今日は元日、近所の寺でひとり寂しくおみくじを引いたら【大大大吉】というのを生まれて初めて引いた。
次の日、初売りセールをしている中古車販売店に展示されていた目玉商品のキッチンカーを3年間貯金していた金で買った。着々と脱サラの準備を整え、正月明けと同時に会社をやめた。
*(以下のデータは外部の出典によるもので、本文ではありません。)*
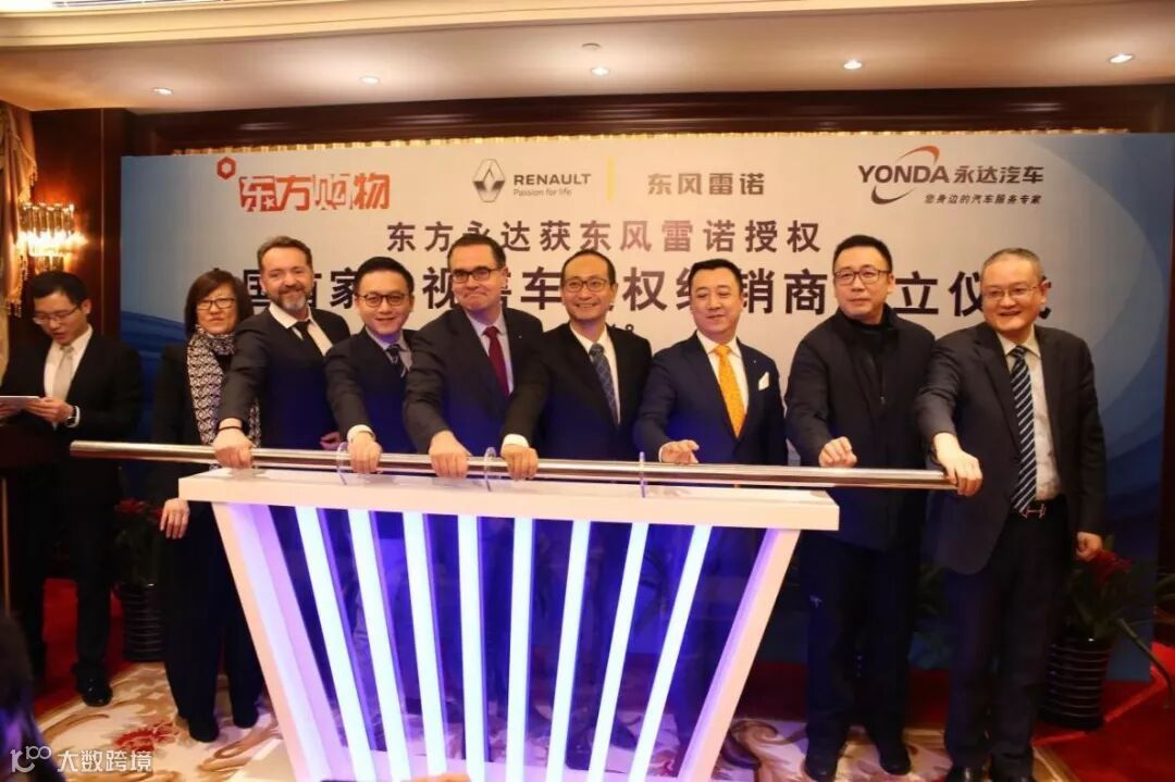 1月8日,中国首家电视售车授权经销商成立仪式在上海举行。东风雷诺、东方购物、永达汽车计划在东方购物电视平台上开展汽车经销和品牌推广合作。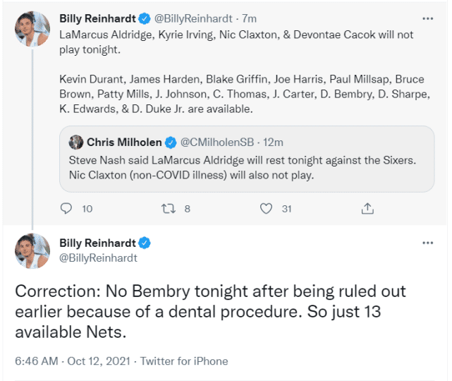 今天,篮网在客场对阵费城,打响季前赛第三战。此前两场季前赛,他们分别击败了湖人和雄鹿。据篮网前方记者报道,本场比赛,篮网将有五名球员不会出战。他们是阿尔德里奇、欧文、克拉克斯顿、卡考克和本布里。欧文没有随队来到费城,卡考克有伤在身,克拉克斯顿生病了(不是新冠),本布里要接受牙科手术,阿德是轮休。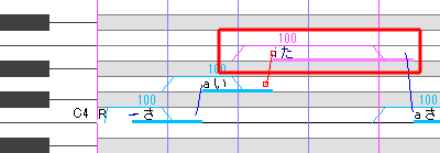 エンベロープエディタの黒の線が先行発声値で、原音設定エディタの赤の線と同期しています。
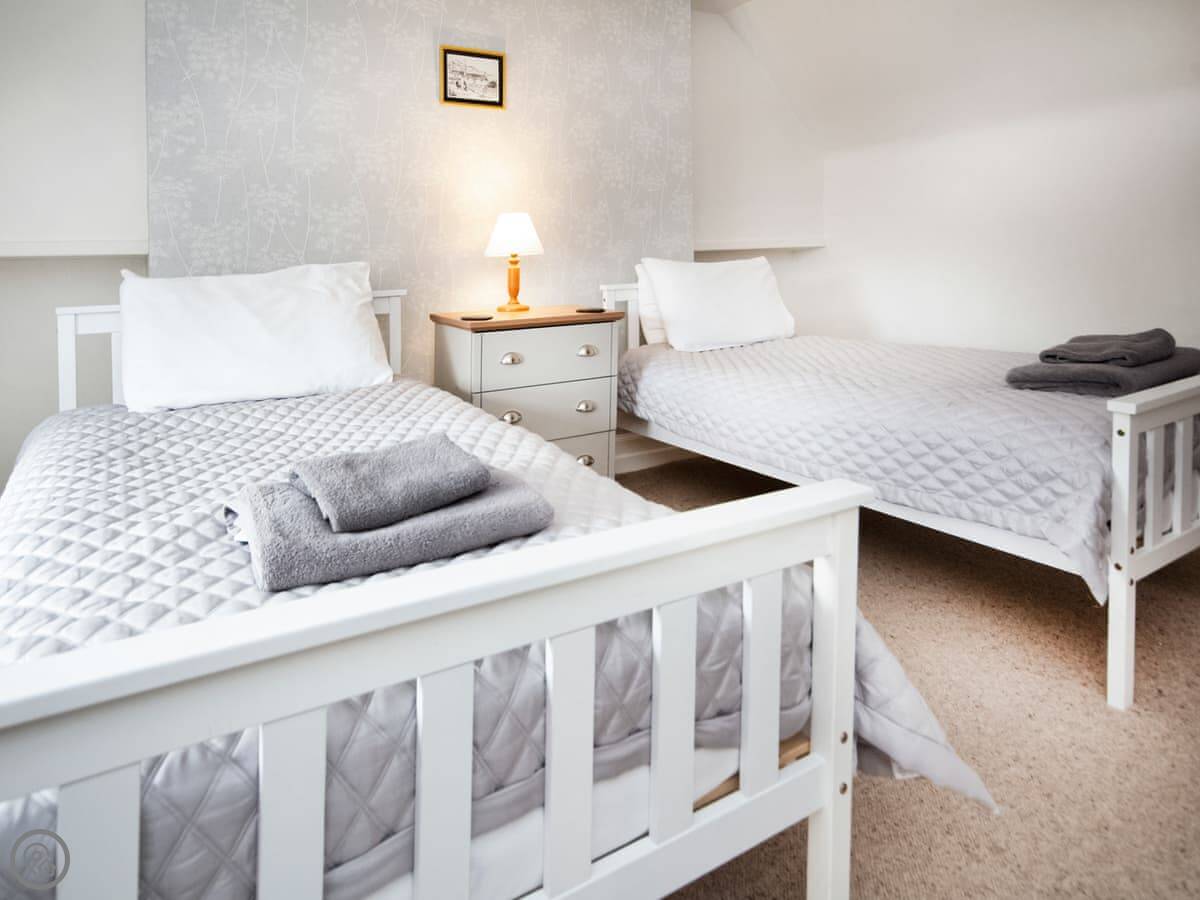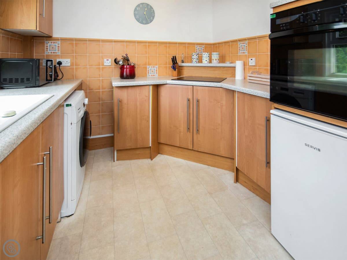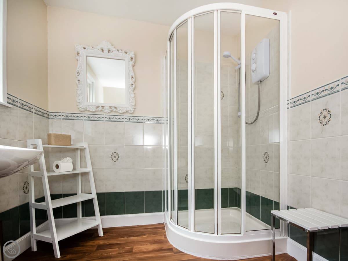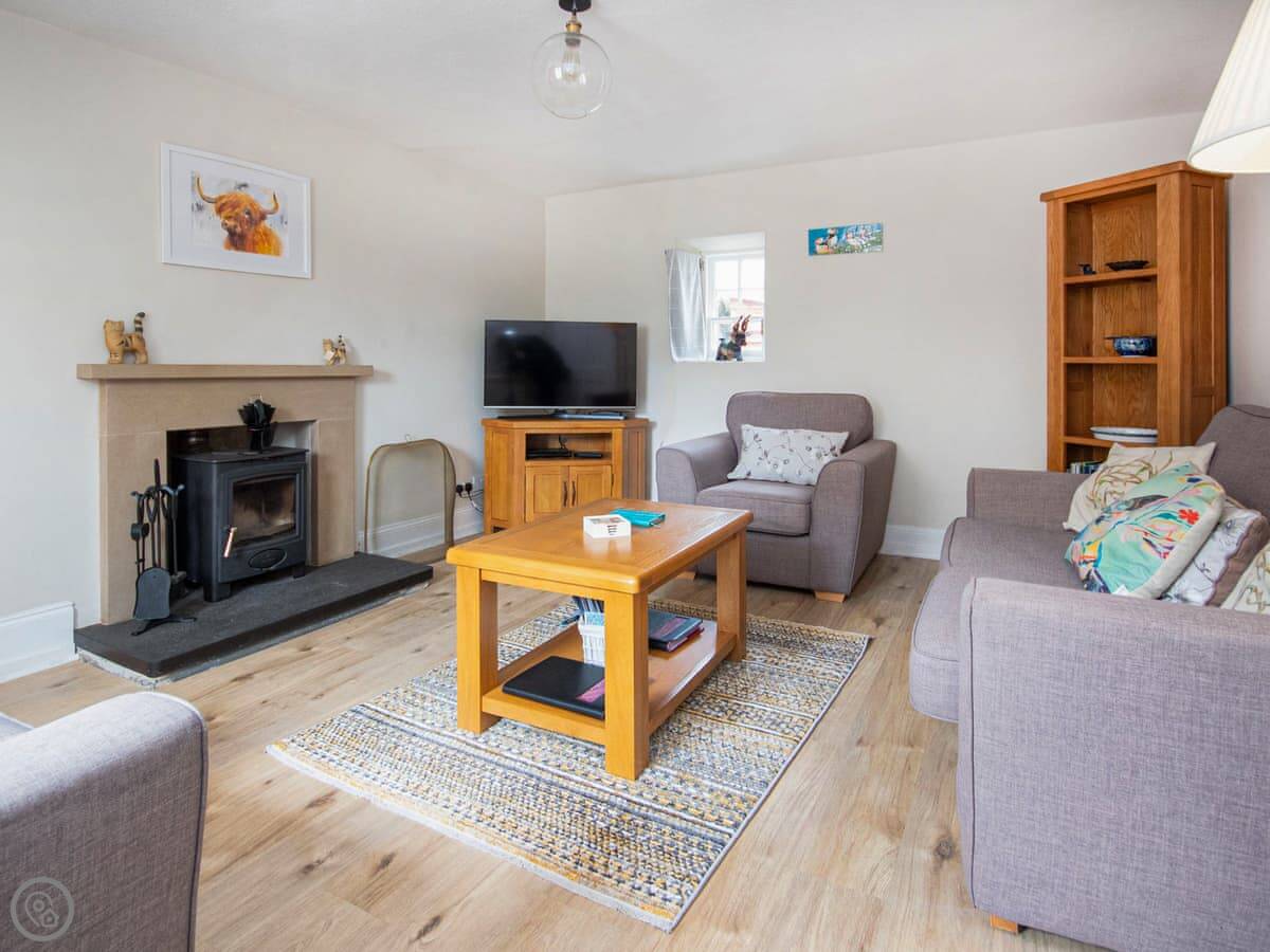 It sleeps four. Two bedrooms, one bathroom. It's got a 4 Star rating. It's warm and comfortable. The living area is all one room with a kitchen, a table, and a sofa by the wood burner. There's a shower, not a bath.

意気揚々と片道1時間の先にある大都市のオフィス街で今日から荒稼ぎをしようとキッチンカーを運転して高速で向かっていると運悪く大渋滞。デカいタンクローリーの後ろにいるが、車両後部に「危」と黒い板面に黄文字で書かれている。これって、燃料とか運んでいるんだよな、たしか……。
そんなことを考えていると、バックミラーにすごい勢いで突進してくるダンプトラックの姿が!?
──ここは?
薄暗い建物の中。
つい先ほどまでキッチンカーを運転していたはずなのに気づいたら、ぼーっと立っていた。
市役所なのかな?
窓口のカウンターがあちこちにあり、カウンターの中と外で人々がやりとりをしている。
「あのーここはどこですか?」
「初めての方ですか? あちらにどうぞ」
サービスカウンターの女性に案内されたのは、「死民課」と書かれたプレートが天井からぶら下がっているところ。
死民課、かぁー。もしもしなくても、死んじゃったんだ自分。
まあ、タンクローリーとダンプトラックに挟まれたらペチャンコだったろうなきっと。もし即死を免れても、タンクローリーの危険物に引火して大爆発。どっちみち死んでいたはず。
「袴田霊さま、独身、犯罪歴なし、享年26歳、こちらが鬼籍証明になります」
死民課の窓口で応対した男性から「転生課」か「冥界課」のどちらかに行くよう案内された。
「おい、ふざけんな、俺はもう一度生まれ変わって……ぐはぁ!」
「あのー、隣の人はいったい?」
「隣の方は犯罪歴があったようですね」
頭に角の生えたガードマンに取り押さえられた顔に入れ墨だらけの男がどこかに連れて行かれた。
死民課の窓口の人に尋ねると、人を■したりと生前に重罪を犯した人は死民課で、鬼籍証明を受理後、この死役所の裏口から「賽判所」に連行されるという。弁護士のいない中で裁判が行われ、罪の重さにより、地獄界での懲役年数が決まるそうだ。いちばん軽い罪でも100年単位だというから恐ろしい。
「あれ、駄菓子屋のカミちゃん?」
「おや、近所の子かい?」
転生課に向かおうと2階へ上がる階段の前に差しかかると、長椅子に腰かけている老婆に気が付いた。袴田霊が子供の頃からおばあちゃんで外見がまったく変わっていない。父親が子どもの頃からこのおばあちゃん──子ども達からカミちゃんと呼ばれている女性がやっている老舗の駄菓子屋の店主で、年末に実家へ行く途中で店が閉まっているのを見かけて気にはなっていた。
「転生されるんですか?」
「冥界というところに行こうと思ってますよ」
人は死後、自分が何回生まれかわったのかが記憶が蘇るそうだ。カミちゃんは転生が25回目と熟成した魂らしく、十分に「徳」を積んだので、あの世……冥界に行くと決めているという。ちなみに袴田は前世の記憶がなく、前回初めて人間に転生したと先ほど死民課の受付で教えてもらったばかりだ。
転生か冥界か……。
思えば、前世はあまりうまくいかなかったな。
もし、人間に生まれ変わっても日本みたいな恵まれた国に生まれる確率はかなり低いはず。戦争が絶えない国とかとても貧しい国に生まれたらそれだけで大変かもしれない。犯罪歴さえなければ、冥界という死者が住まう場所へ行けるらしいので自分もそこに行こうかと思っている。
「金山カミさまでいらっしゃいますね?」
「はい、そうです」
「ご案内します。冥界課転居係の墓林と申します」
ホテルのコンシェルジュのような恰好をした男性が、カミちゃんの前に立って恭しく礼をする。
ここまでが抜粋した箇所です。